*WHAT THE EXERCISE ASKS*. Please make an exact copy of the lines from the one holding "Designed in Figma" through the end of the data, both ends included, with no pictures.

*DATA EXCERPT*.
————————

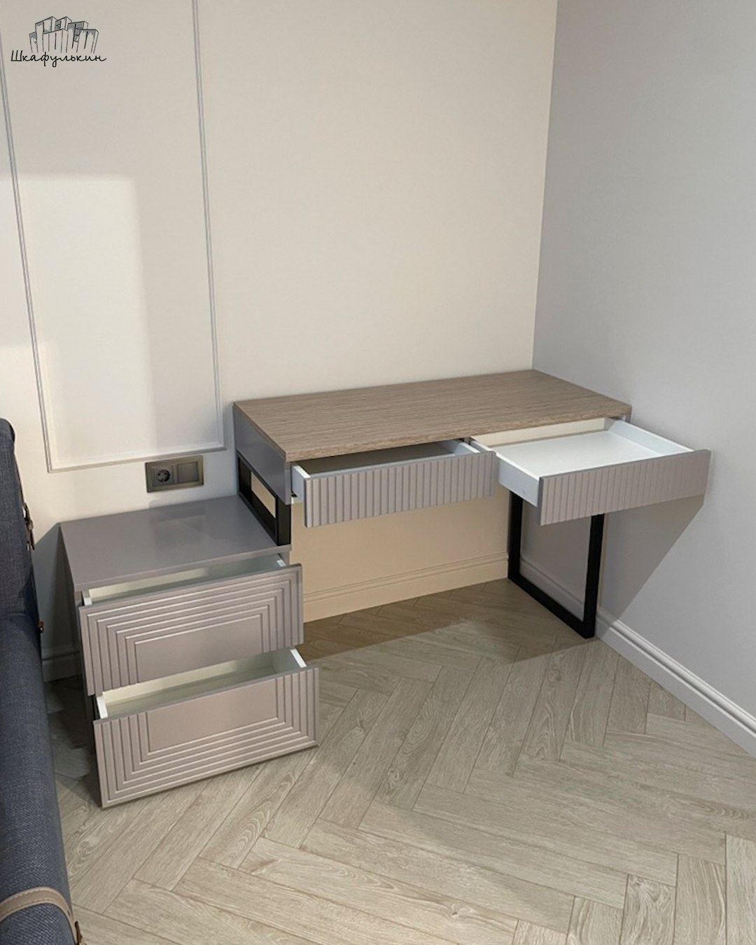 Фасады: МДФ с фрезеровкой, крашенная NCS.
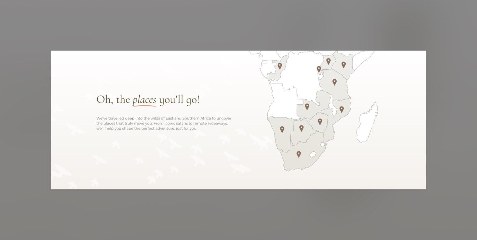 Designed in Figma and built in WordPress using Bricks, the result is a clean, modern, and highly visual platform that lets their exceptional imagery take centre stage. The new site offers a more intuitive journey through destinations and experiences, creating an inspiring and seamless experience for travellers exploring Africa.
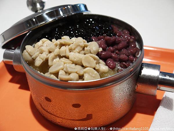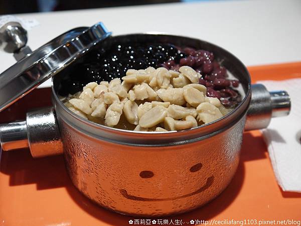 ▼當我把頭頂上的蓋子掀開來,吼唷~~花生、珍珠還有紅豆佈滿了整個.....鐵人的頭部
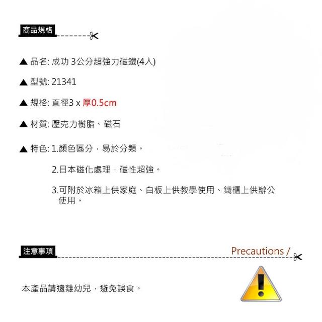 SUCCESS 成功超強力磁鐵 3cm /卡 21341

————————

*OUTPUT BELOW*.
 Designed in Figma and built in WordPress using Bricks, the result is a clean, modern, and highly visual platform that lets their exceptional imagery take centre stage. The new site offers a more intuitive journey through destinations and experiences, creating an inspiring and seamless experience for travellers exploring Africa.
 ▼當我把頭頂上的蓋子掀開來,吼唷~~花生、珍珠還有紅豆佈滿了整個.....鐵人的頭部
 SUCCESS 成功超強力磁鐵 3cm /卡 21341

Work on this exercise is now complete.